| WORK TASK |
The copy should hold exactly the lines below from the one that contains "カーブドチェーンは、RSロー" through the one that contains "新华社北京12月14日电(记" and nothing else, so no pictures.

Source data:
*** Begin section ***

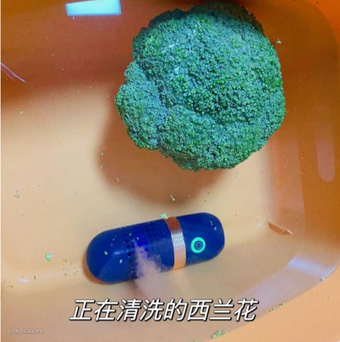 大家平时买菜的时候也是把各类菜品都放在一起清洗,现在直接都放在水盆中,然后把净化仓放进去就可以了。
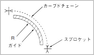 カーブドチェーンは、RSローラチェーンに比べて自由度がありますが、スプロケットには真っ直ぐに噛合うよう、チェーンにガイドを設けてください。
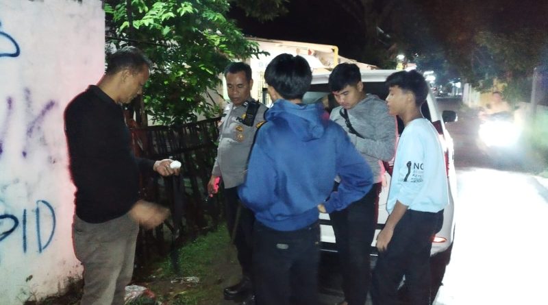 Giat Kepolisian dlm rangka cegah tangkal gangguan Kamtibmas ,antisipasi C3, Genk motor dan tawuran menyampaikan himbauan kepada para pemuda yang nongkrong agar segera membubarkan diri .
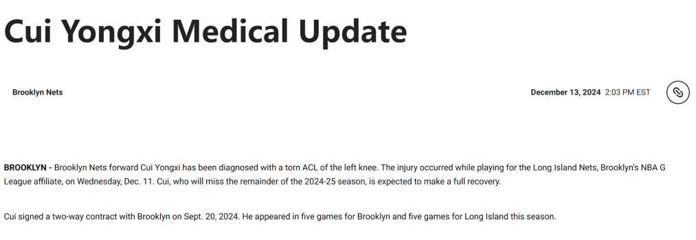 新华社北京12月14日电(记者曹奕博)美职篮(NBA)布鲁克林篮网队14日发布伤病更新,中国球员崔永熙遭遇左膝前交叉韧带撕裂,将缺席本赛季剩余所有比赛。
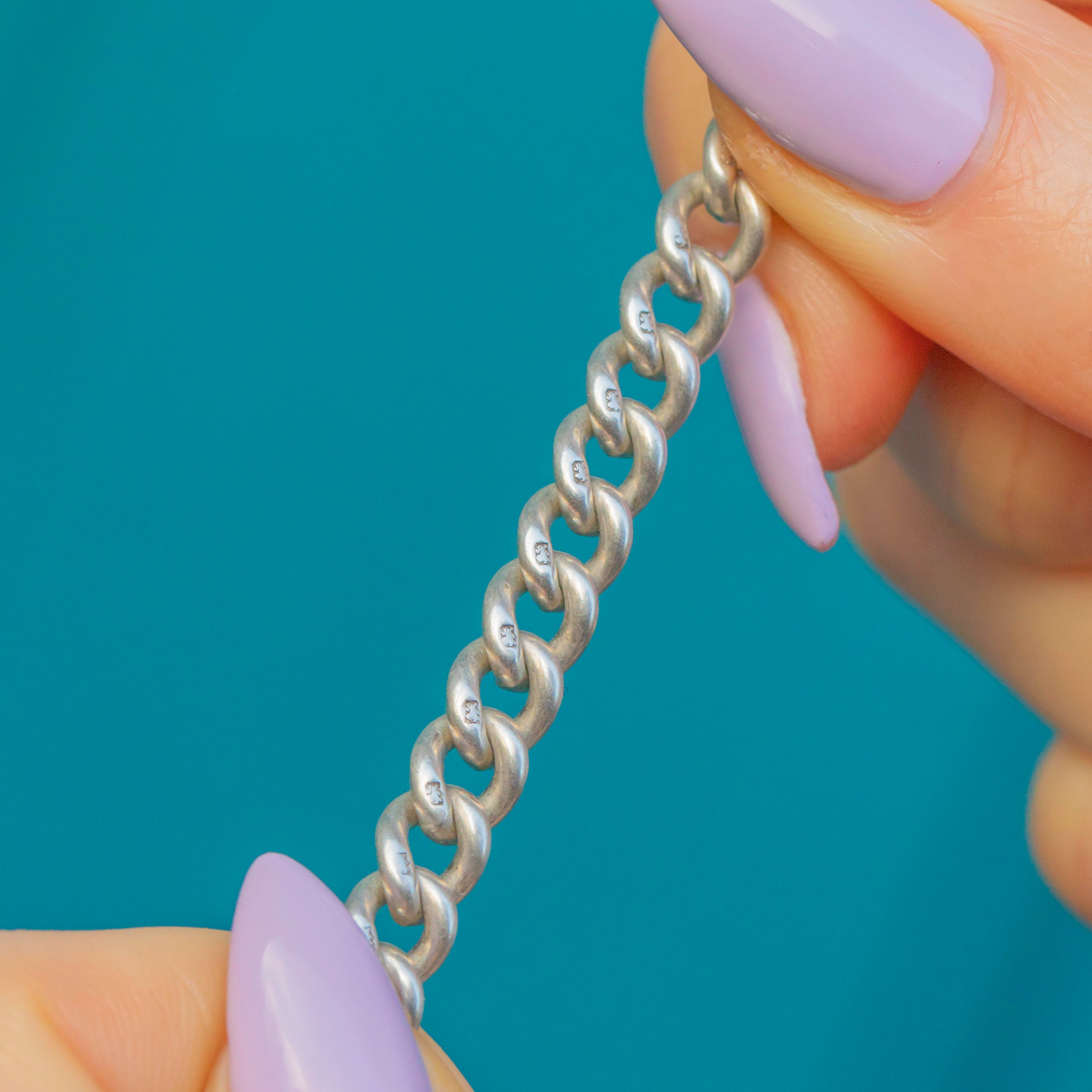 VERY GOOD. This  antique Sterling Silver Albert chain is in very good condition. The links are uniform and secure, with a Lion Passant stamp on each one, allowing for confident wear. There are some marks to the dog-clips expected with age, however this does not affect their functionality. With little else to note, she is a must-have!
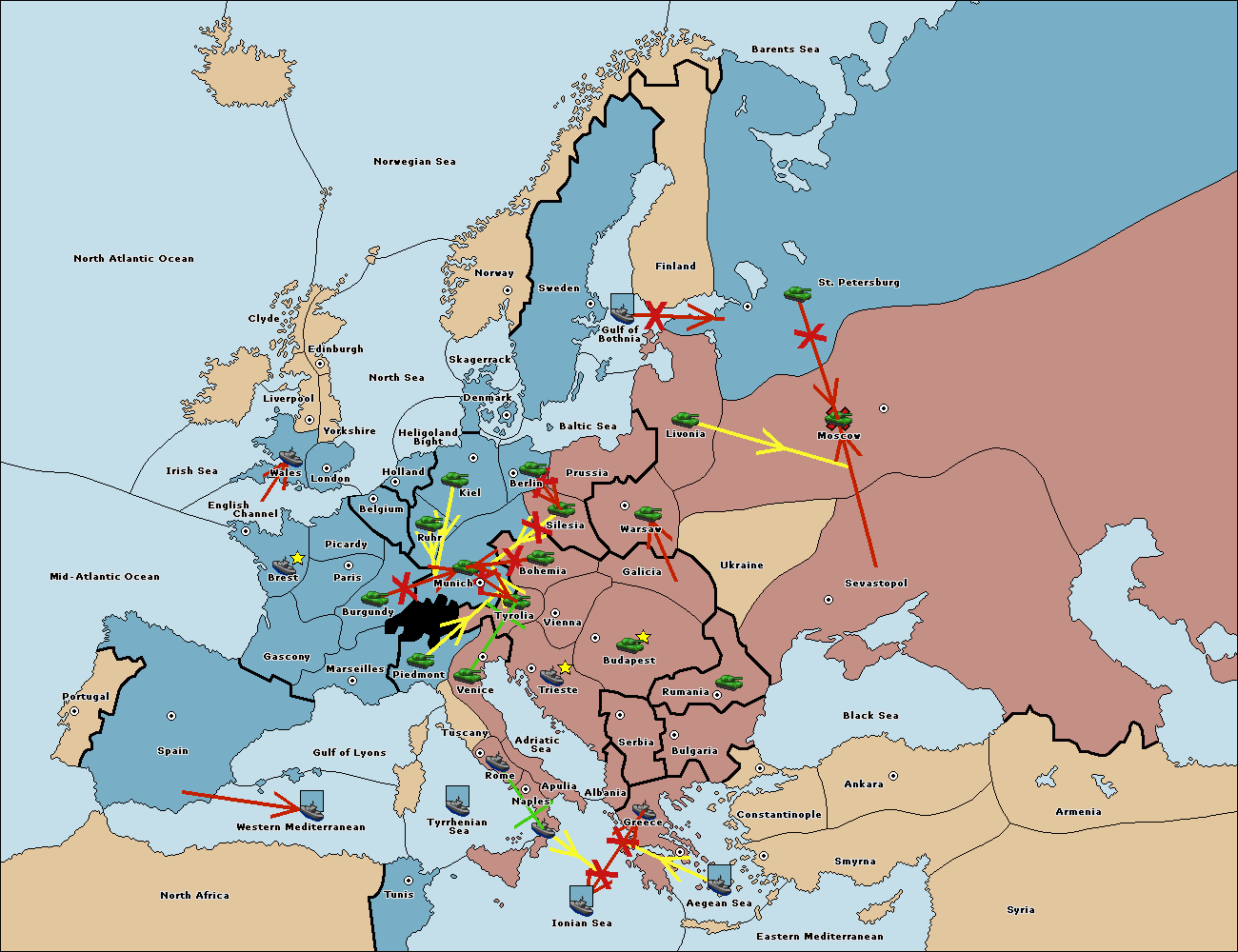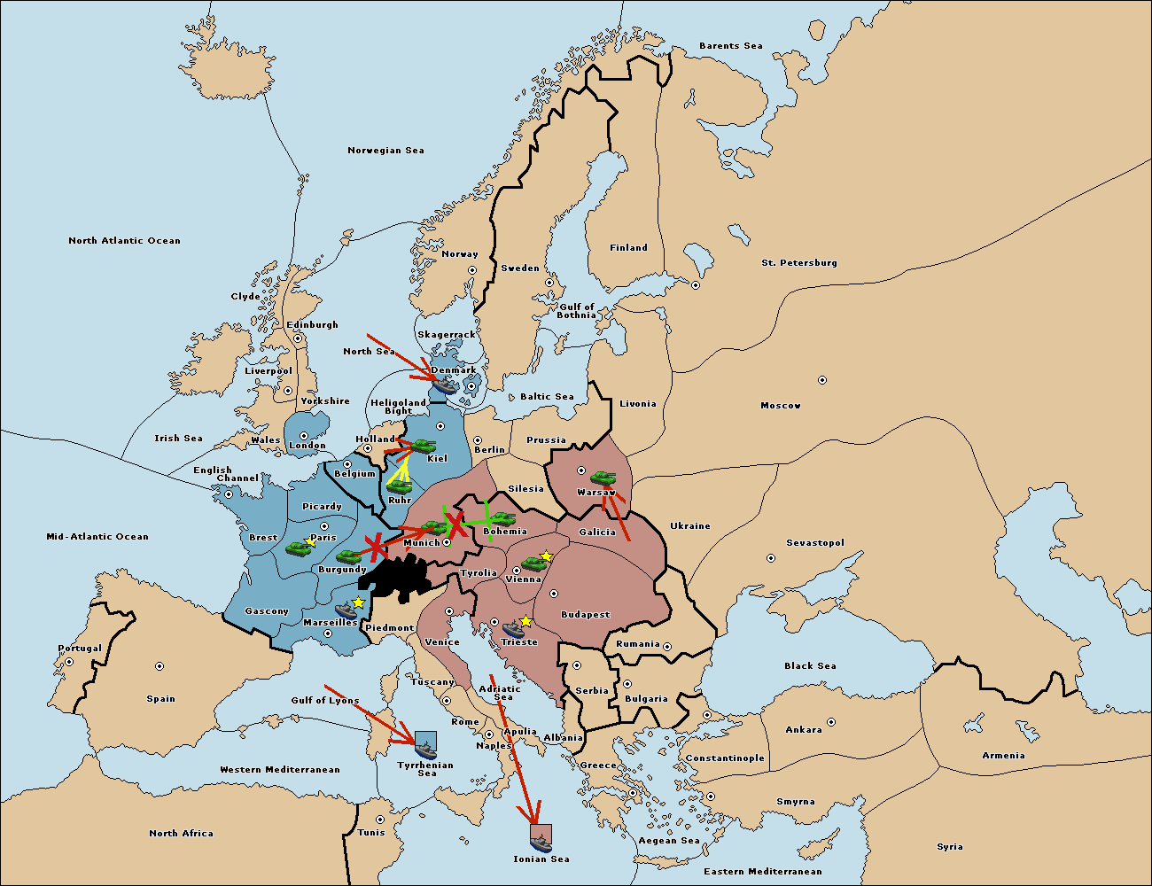 The fleet at Ionian Sea support move to Naples from Tyrrhenian Sea.

*** End section ***

| SOLUTION TO THIS EXERCISE |
 カーブドチェーンは、RSローラチェーンに比べて自由度がありますが、スプロケットには真っ直ぐに噛合うよう、チェーンにガイドを設けてください。
 Giat Kepolisian dlm rangka cegah tangkal gangguan Kamtibmas ,antisipasi C3, Genk motor dan tawuran menyampaikan himbauan kepada para pemuda yang nongkrong agar segera membubarkan diri .
 新华社北京12月14日电(记者曹奕博)美职篮(NBA)布鲁克林篮网队14日发布伤病更新,中国球员崔永熙遭遇左膝前交叉韧带撕裂,将缺席本赛季剩余所有比赛。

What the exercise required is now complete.